▶ [EXERCISE] In the entries below, find the line with "by Jimmy Buffett", then set it down exactly along with each line after it to the end, skipping any pictures.

Stored data entries:

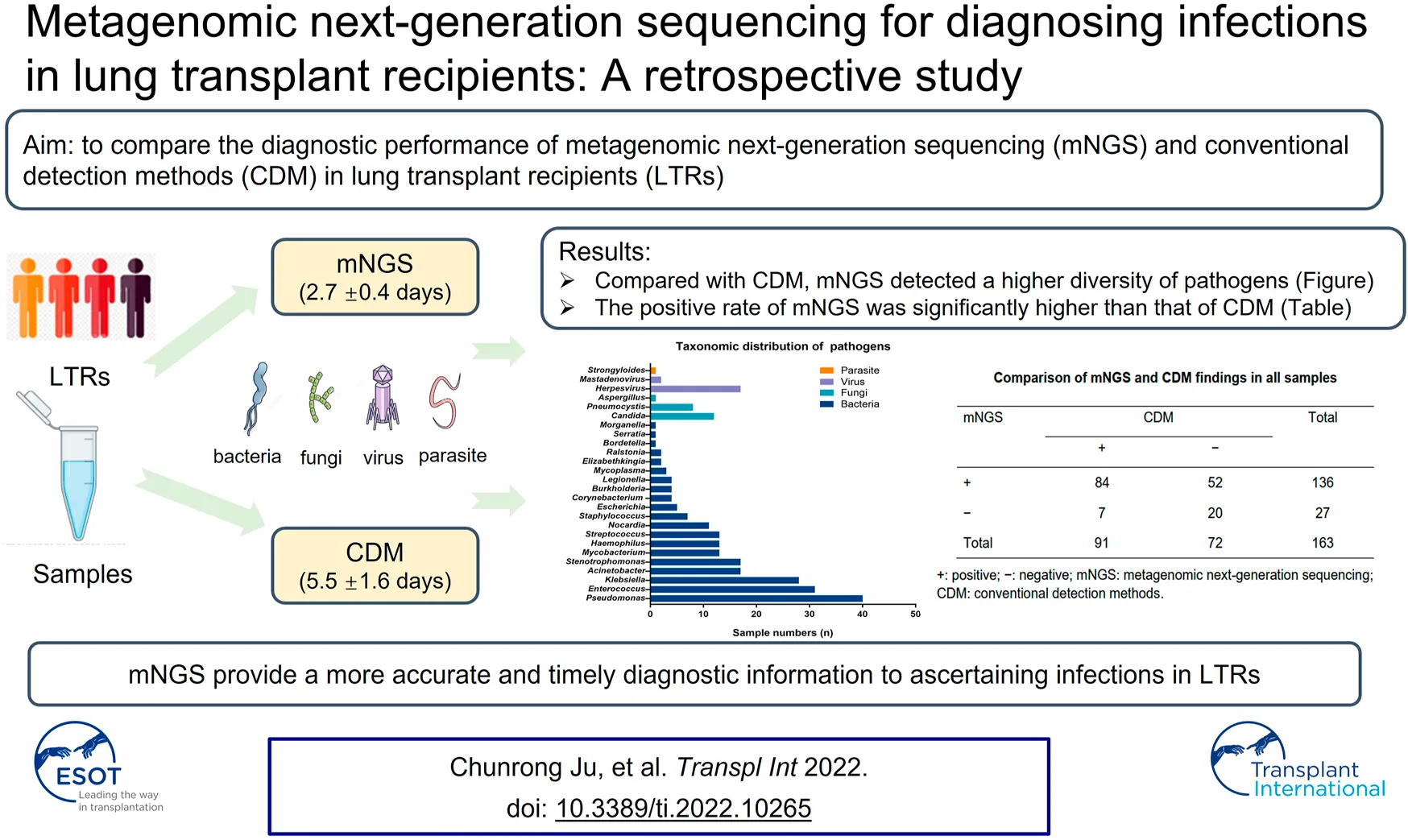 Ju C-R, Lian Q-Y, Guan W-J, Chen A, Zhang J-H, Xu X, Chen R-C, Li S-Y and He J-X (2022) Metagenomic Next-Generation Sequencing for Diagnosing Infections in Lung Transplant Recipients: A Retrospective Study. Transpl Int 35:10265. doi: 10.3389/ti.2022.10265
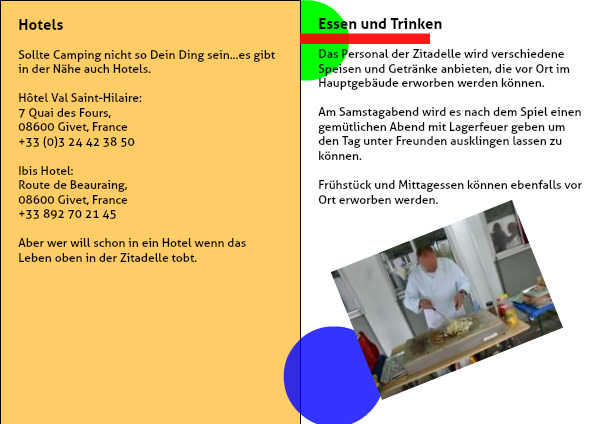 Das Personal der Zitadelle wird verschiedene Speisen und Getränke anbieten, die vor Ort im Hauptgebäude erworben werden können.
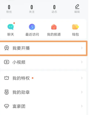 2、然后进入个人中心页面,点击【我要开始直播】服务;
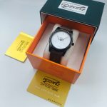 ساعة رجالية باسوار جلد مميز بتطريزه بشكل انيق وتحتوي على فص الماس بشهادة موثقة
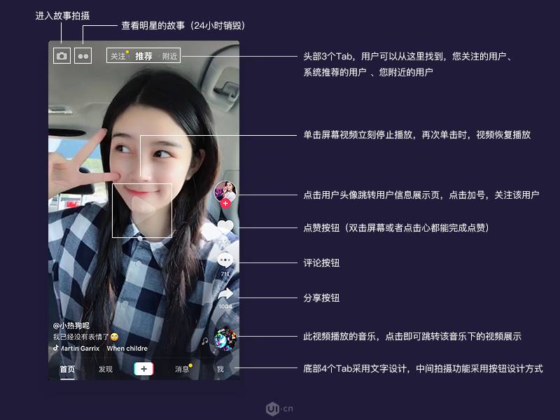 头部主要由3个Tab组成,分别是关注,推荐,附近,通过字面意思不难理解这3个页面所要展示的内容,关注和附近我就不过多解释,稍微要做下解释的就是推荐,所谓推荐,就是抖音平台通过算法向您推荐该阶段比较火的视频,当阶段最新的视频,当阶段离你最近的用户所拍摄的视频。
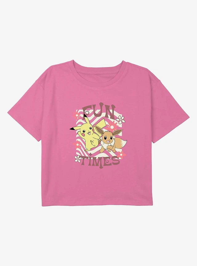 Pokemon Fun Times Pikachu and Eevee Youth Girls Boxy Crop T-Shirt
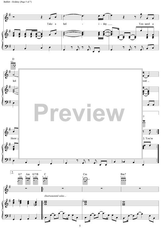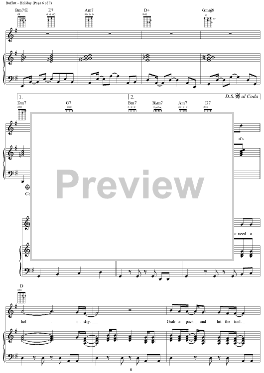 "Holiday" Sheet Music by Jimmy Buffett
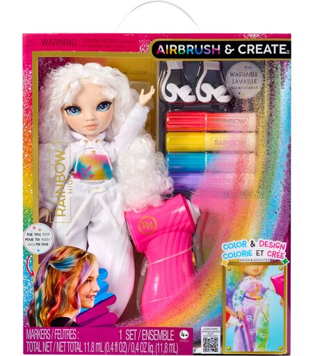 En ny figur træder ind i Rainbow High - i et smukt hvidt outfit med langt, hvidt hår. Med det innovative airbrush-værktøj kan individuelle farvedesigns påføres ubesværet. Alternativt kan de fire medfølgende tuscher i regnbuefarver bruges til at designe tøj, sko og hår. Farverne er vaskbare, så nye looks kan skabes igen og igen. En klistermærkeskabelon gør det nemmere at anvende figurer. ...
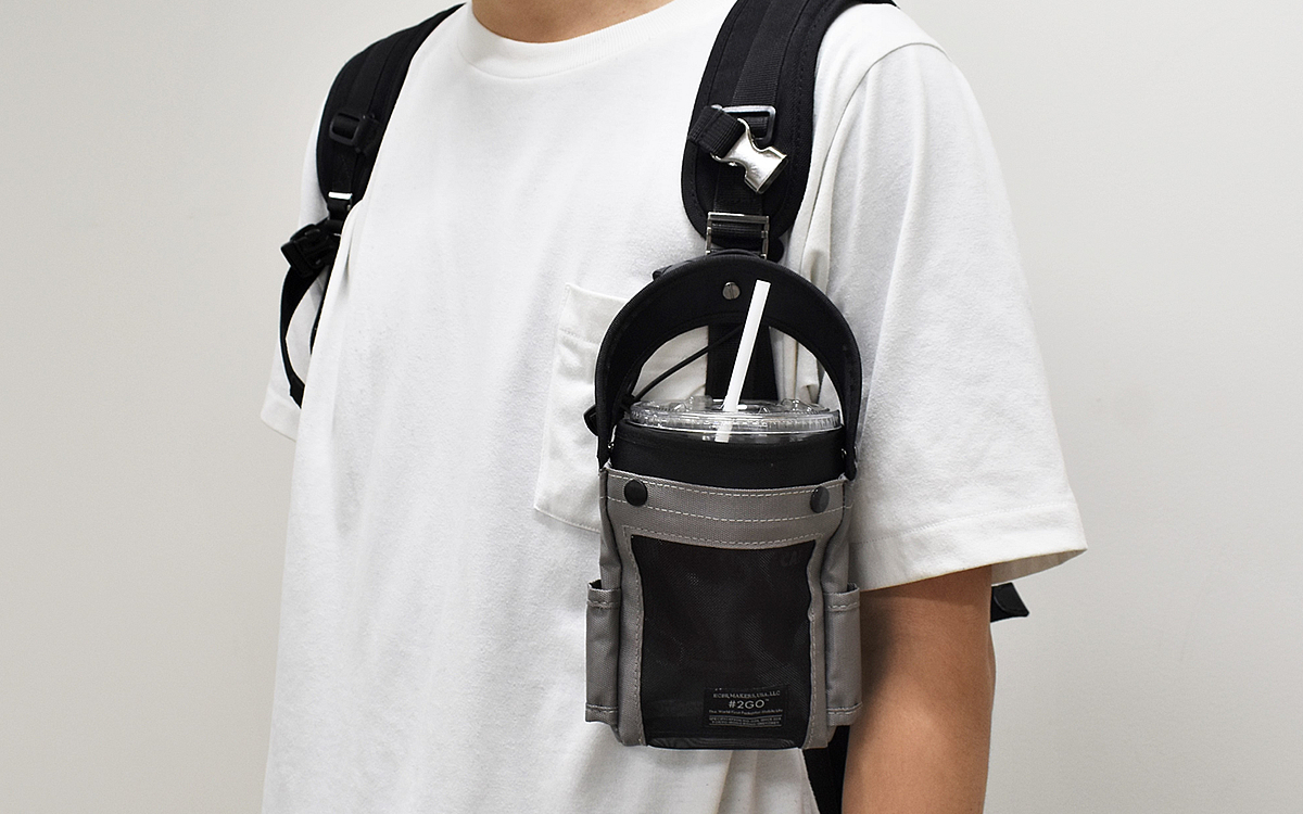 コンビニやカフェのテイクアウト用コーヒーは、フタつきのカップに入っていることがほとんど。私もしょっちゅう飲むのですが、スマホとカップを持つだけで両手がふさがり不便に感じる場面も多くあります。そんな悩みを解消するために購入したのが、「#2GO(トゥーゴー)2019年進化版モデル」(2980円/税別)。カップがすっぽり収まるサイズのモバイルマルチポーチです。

▶ [FINAL ANSWER]
 "Holiday" Sheet Music by Jimmy Buffett
 En ny figur træder ind i Rainbow High - i et smukt hvidt outfit med langt, hvidt hår. Med det innovative airbrush-værktøj kan individuelle farvedesigns påføres ubesværet. Alternativt kan de fire medfølgende tuscher i regnbuefarver bruges til at designe tøj, sko og hår. Farverne er vaskbare, så nye looks kan skabes igen og igen. En klistermærkeskabelon gør det nemmere at anvende figurer. ...
 コンビニやカフェのテイクアウト用コーヒーは、フタつきのカップに入っていることがほとんど。私もしょっちゅう飲むのですが、スマホとカップを持つだけで両手がふさがり不便に感じる場面も多くあります。そんな悩みを解消するために購入したのが、「#2GO(トゥーゴー)2019年進化版モデル」(2980円/税別)。カップがすっぽり収まるサイズのモバイルマルチポーチです。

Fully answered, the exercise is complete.